*Work order*:
Take the entries below and reproduce exactly the portion that begins at the line containing "Fig. (1): Implant" and ends at the line containing "Photo 7. Tank", keeping both ends, dropping pictures, and adding nothing else.

*Data in this exercise*:
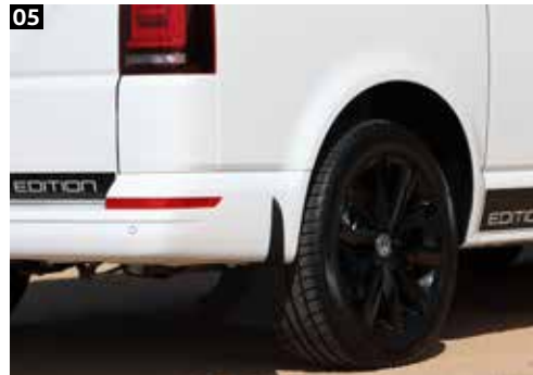
05 Design Elements. Combined with the gloss black roof, B-pillars and side mirrors, Multivan Black Edition is finished off with 'Edition' decals on the side sills and on the rear tailgate which will set you apart from the crowd.
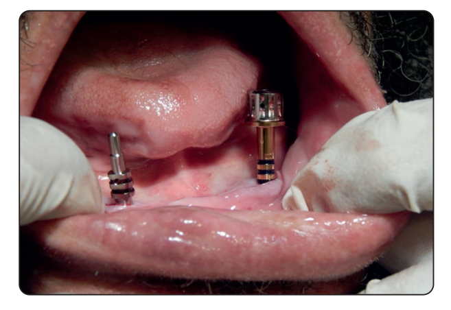
Fig. (1): Implant positions and directions verified with the paralleling tools

In each subject, two mandibular fixtures (Multisystem implant, Italy) were placed at the canine region following the surgical procedure (fig. 1).
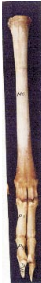
Fig. 1. Skeleton of the metacarpus and phalanges in the impala (dorsal aspect): Mc: fused Mc3/4; ph I first phalanx; ph II second phalanx; ph III third phalanx
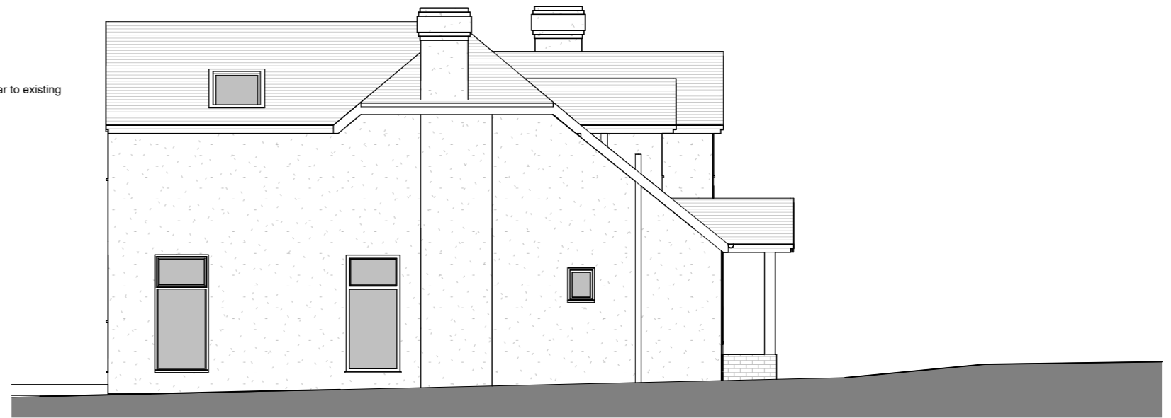
Side 1 Elevation
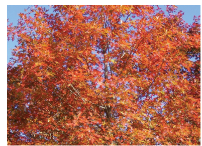
NUTTALL OAK FALL COLOR
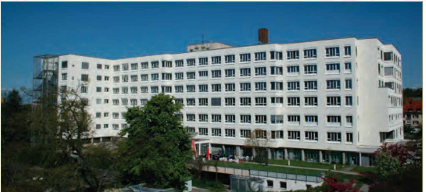
Constance Hospital – Baden-Wurttemberg, Germany
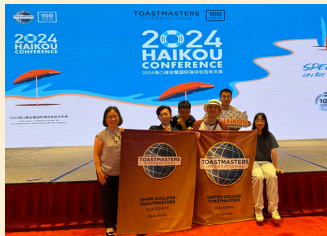
SCTMC and UCTMC members joining District 89 Haikou Conference
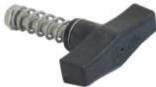
RAM-2-1U RAM T HANDLE, BOLT, WASHER & SPRING
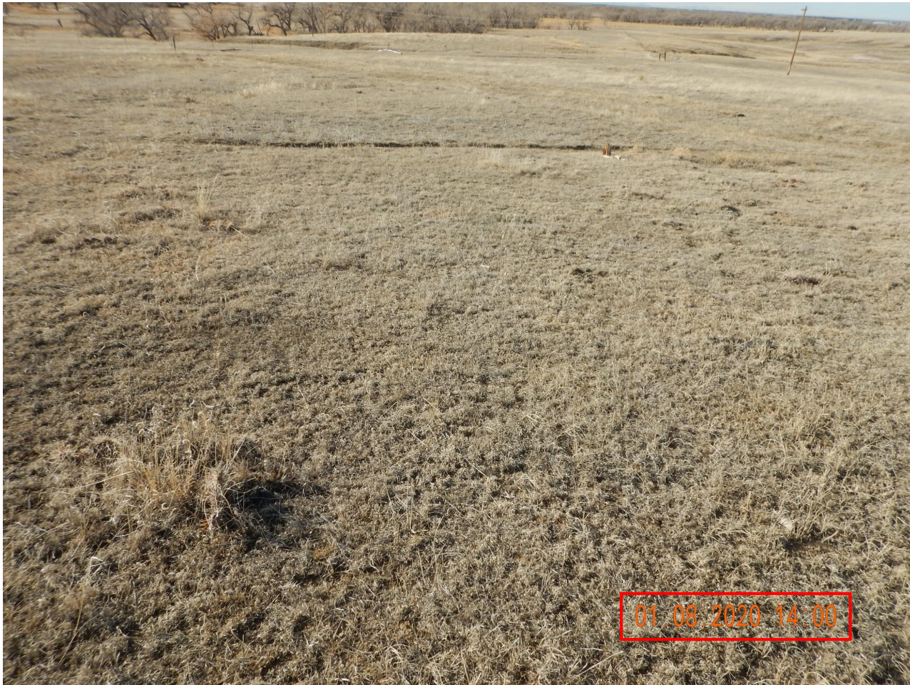
Photo 7. Tank battery reference photo taken 1/8/2020 northwest of the tank battery, facing West. Photo illustrates blue grama as the dominant vegetative cover.
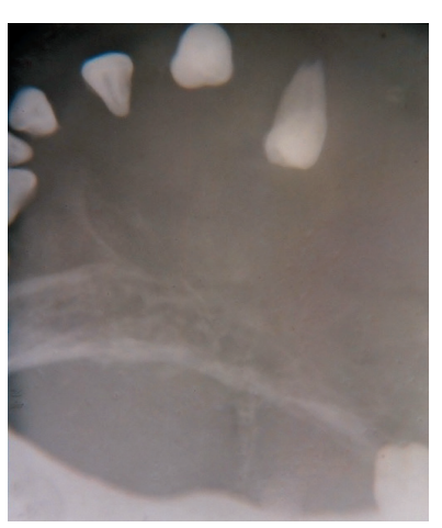
Fig. 2: Occlusal radiograph showing labially displaced anterior teeth giving floating teeth appearance.
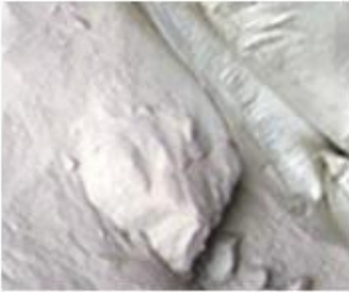
1、 Raw Material
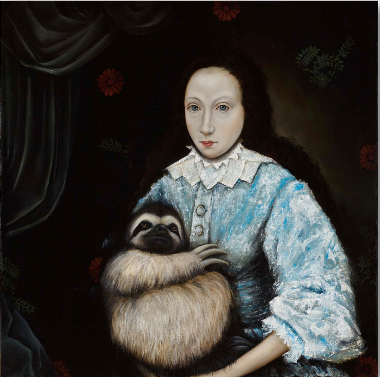
The Misfit - Oil and enamel on canvas - 2014 48" x 48" inches / 122 x 122 cm
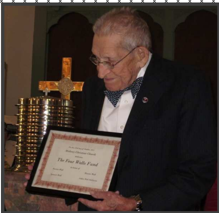
Dedication of the Four Walls Fund
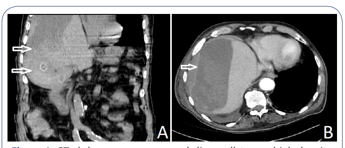
Figure 1: CT abdomen, same coronal slice, gallstones, high density fluid in the gallbladder and image of intrahepatic subcapsular hematoma (A) and transvers slice, image of intrahepatic subcapsular hematoma (B) .

In the radiological follow-up, there wasn't an increase in the size of the intrahepatic subcapsular hematoma of the patient. We didn't see free fluid in the abdomen. In laboratory tests, the hemoglobin amount of the patient did not decrease. We decided on medical follow-up due to the patient's stable hemodynamics and the presence of many comorbid diseases. On the 5<sup>th</sup> day of follow-up, atrial fibrillation with rapid ventricular response and pleural effusion occurred. On the 7<sup>th</sup> day of follow-up, we intubated and transferred the patient to the intensive care unit. During the follow-up of the patient, we scanned 3 CT and 3 USG images. We didn't see an increase in hematoma size in any of them (Figure 2). Despite all efforts, we could not cure the patient's respiratory problems. The patient died in intensive care on the 23<sup>rd</sup> day of follow-up.
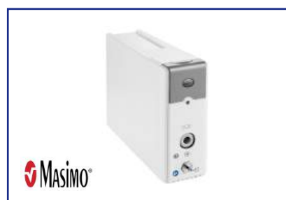
Sidestream CO2 + Mainstream)
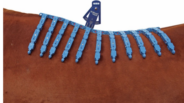
The Topographer by Equi Scan - also used to measure the 3-D back shape but somewhat awkward in its usage.

There are a couple of other devices available commercially (only in Europe at this point) to ascertain the shape of the horse's back, but they can be somewhat convoluted and unwieldy with several kinks to be worked out before they become truly acceptable for general use. The Topographer® by EquiScan consists of 11 individually moving sectioned arms which are laid across the horse's back. Each individual number on each segment is recorded. Until this can be done automatically or electronically it becomes prohibitive (time-wise) to do this – although the results are very good. Many more saddle manufacturers are starting to use this tool as it is one of the most comprehensively accurate on the market.
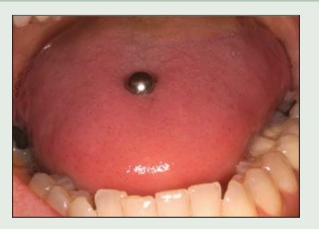
Figure 3: A tongue barbell 2 years after placement. Tooth 36 was fractured by the long barbell, which led to the need for endo-dontic therapy and a crown.
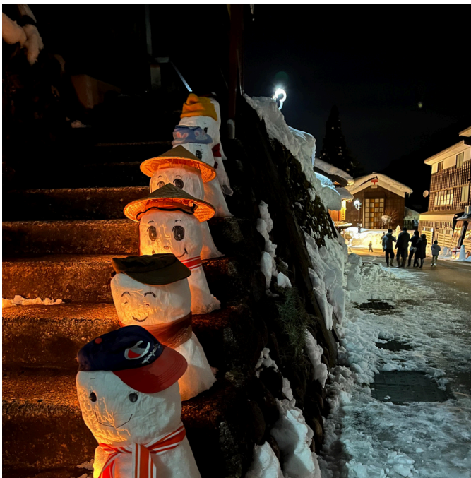
The town is full of snowmen! Snowman Festival in Feb.
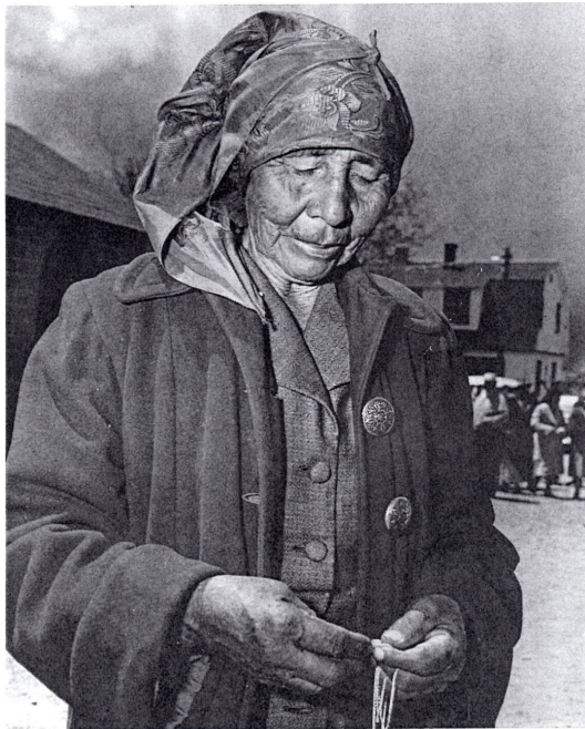
Nina Winnemucca, recipient of Bishop's Cross

Minnesota's OK for Enbridge to temporarily move 5B gallons of water sows tension http://strib.mn/3y6YAZ3
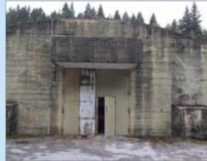
This building looks to be in reasonable condition from the front...
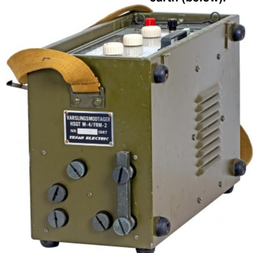
Left hand side view with connections to aerial and earth (below).
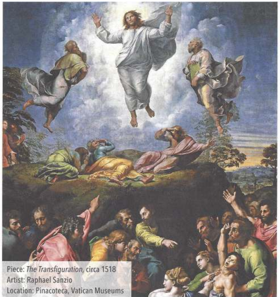
Piece: The Transfiguration , circa 1518 Artist: Raphael Sanzio Location: Pinacoteca, Vatican Museums

Here is where we need the power of God's mercy and love. Peter wanted to stay in Christ's presence and enjoy it, soak it up, remain, and never go down the mountain again. He heard the Father's voice, knew he should listen to the Son, and was resolved to do so! Although
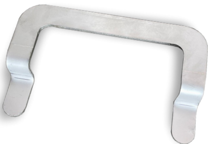
Optional stainless steel connection clamps; item sold separately – GPM-SC
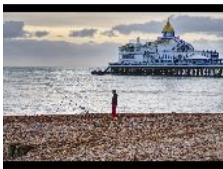
Fishing By The Pier
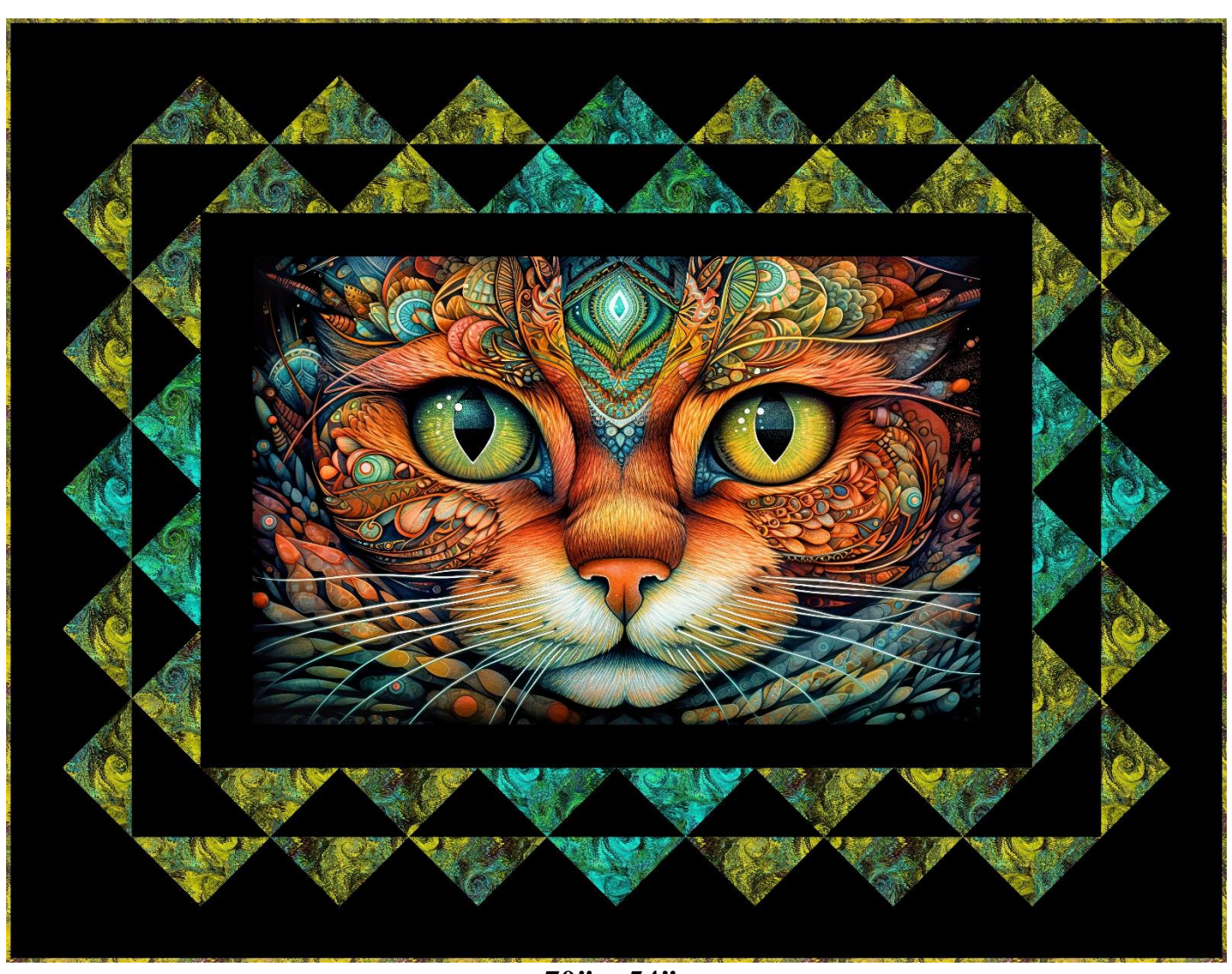
70" x 54"
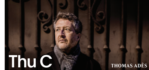
Thu C THOMAS ADÈS

NYPHIL.ORG 212.875.5656 *unless otherwise noted
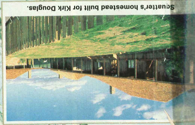
Squatter's homestead built for Kirk Douglas.
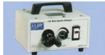
MT-150 Domestic halogen lightsource, 150 watt, single turret. (ACMI, Storz, Wolf and Olympus)
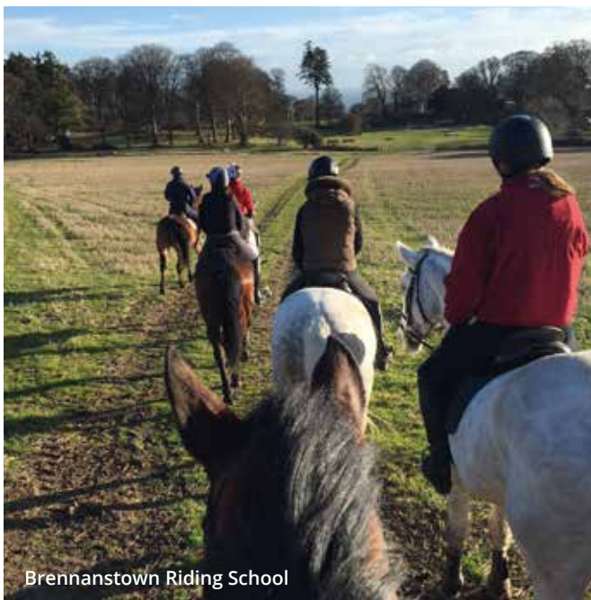
Brennanstown Riding School

No matter what visitors are doing – whether hiking across mountains, paddling up a river, boating across a lake, cycling a Greenway, trekking through forests, landing a fish, rock-pooling, foraging, learning to surf or tee-ing off – there are stories to be told.
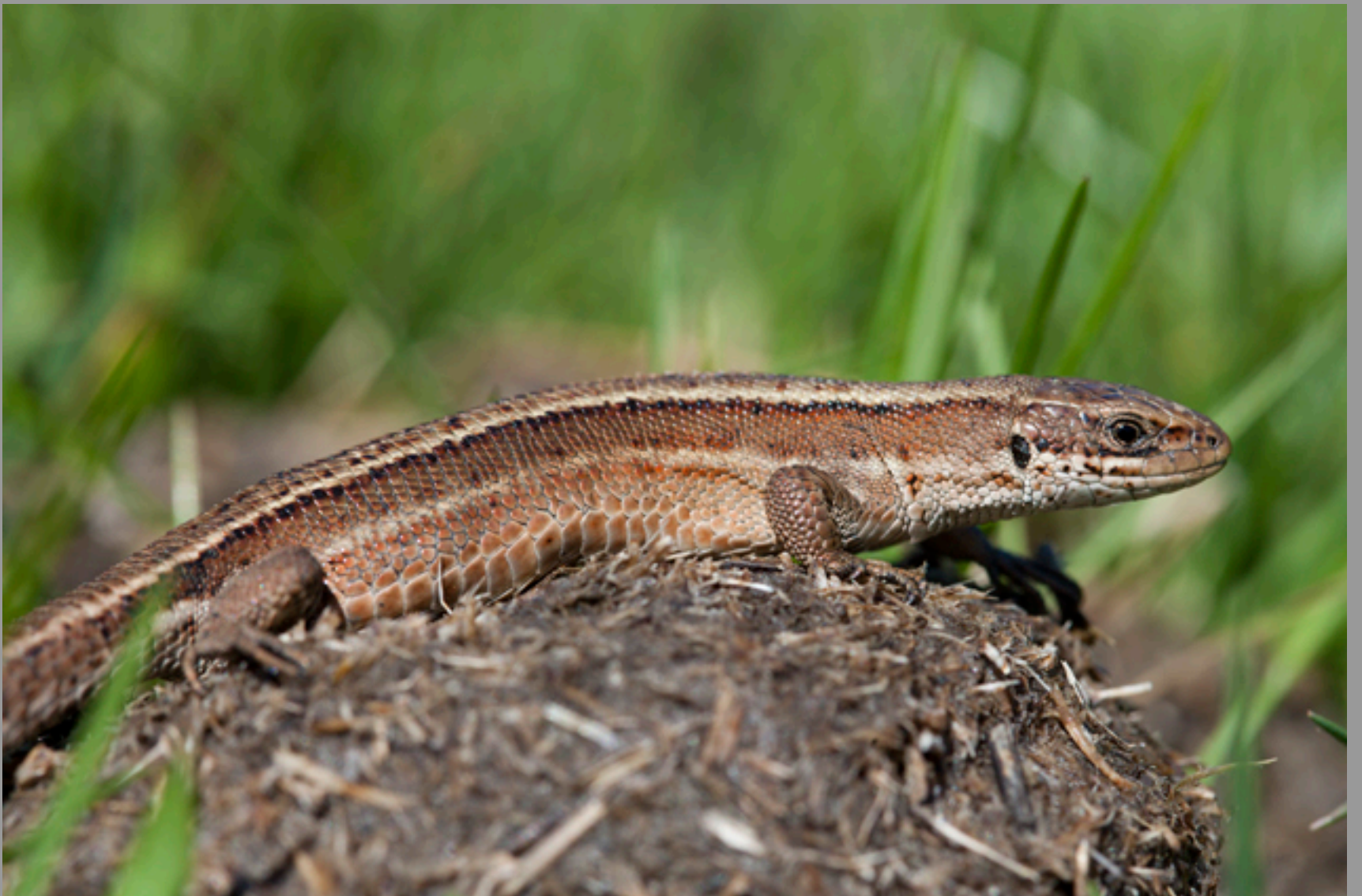
Zootoca vivipara louislantzi
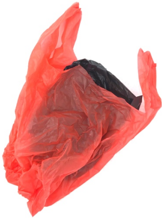
Daniel Klaas Beckwith spooky trash , 2017 plastic, paper (6 objects) 3 ½ x 14 x 10 inches (9 x 36 x 25 cm) DKB7
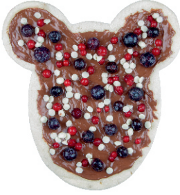
7. DENMARK Nutella, Yaban Mersini, Frenk Üzümlü, Beyaz Çikolata 290 ₺
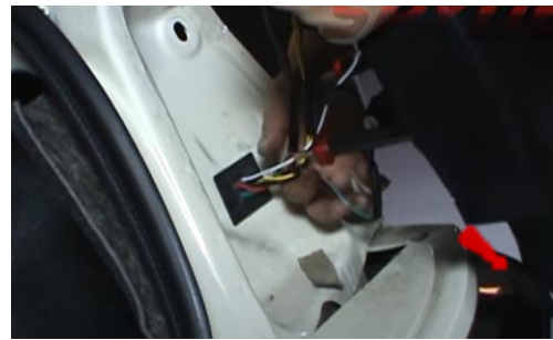
6. Connect Spyder tail light and secure rubber grommet.
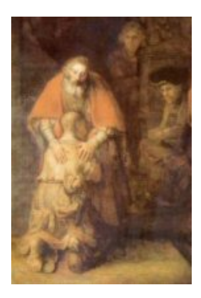
The Prodigal Son

Baptized Christians in irregular marriages may celebrate the Rite of Welcoming the Candidates ( RCIA , nn. 411-433), but they are not to celebrate the Rite of Calling to Continuing Conversion ( RCIA , nn. 446-458_) until any and all marriage cases have been processed and completed by the Diocesan Tribunal. If these optional rites are not celebrated, baptized Christians in irregular marriages cannot be received into the full communion of the Catholic Church (with the celebration of confirmation and Eucharist) until any and all marriage cases have been properly processed and completed by the Diocesan Tribunal.
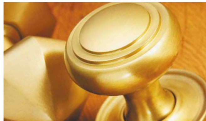
Satin Brass Unlacquered SBUL
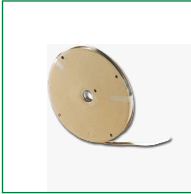
Bonding Ribbon Plain, 5 lb Spool
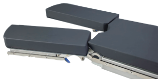
Two-Part Leg Section for midline access.

Hillrom offers an additional accessory package of specialty components that optimize patient positioning capabilities for complex robotic-assisted surgeries.
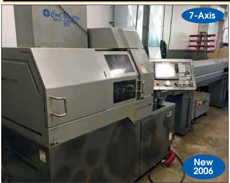
CITIZEN # L-20 CNC SWISS TYPE SCREW MACHINE
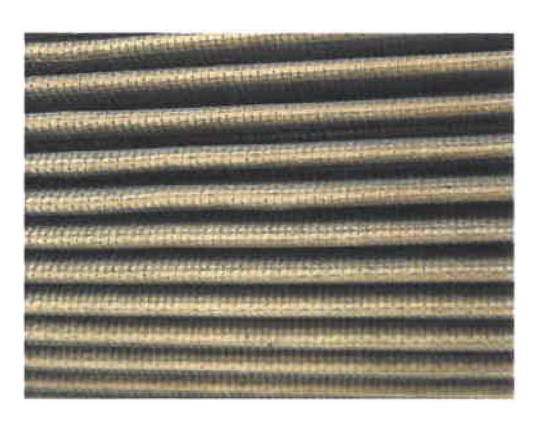
DAYTONA Air Filter that has been Cleaned and NOT oiled.
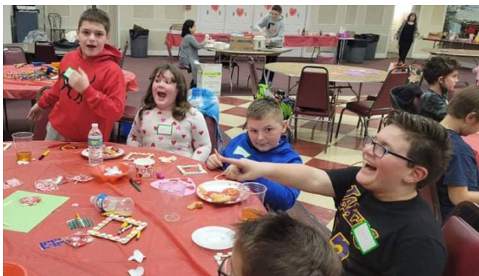
Parish youth enjoy activities at our our first ever Valentine's Kids Night In
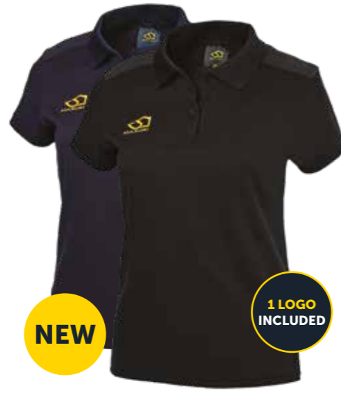
WOMENS PERFORMANCE POLO MCR0062

COMPOSITION: 65% Cotton, 35% Polyester Pique (200gsm)
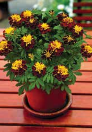
Super Hero Spry

*Exercise response*:
Fig. (1): Implant positions and directions verified with the paralleling tools

In each subject, two mandibular fixtures (Multisystem implant, Italy) were placed at the canine region following the surgical procedure (fig. 1).
Fig. 1. Skeleton of the metacarpus and phalanges in the impala (dorsal aspect): Mc: fused Mc3/4; ph I first phalanx; ph II second phalanx; ph III third phalanx
Side 1 Elevation
NUTTALL OAK FALL COLOR
Constance Hospital – Baden-Wurttemberg, Germany
SCTMC and UCTMC members joining District 89 Haikou Conference
RAM-2-1U RAM T HANDLE, BOLT, WASHER & SPRING
Photo 7. Tank battery reference photo taken 1/8/2020 northwest of the tank battery, facing West. Photo illustrates blue grama as the dominant vegetative cover.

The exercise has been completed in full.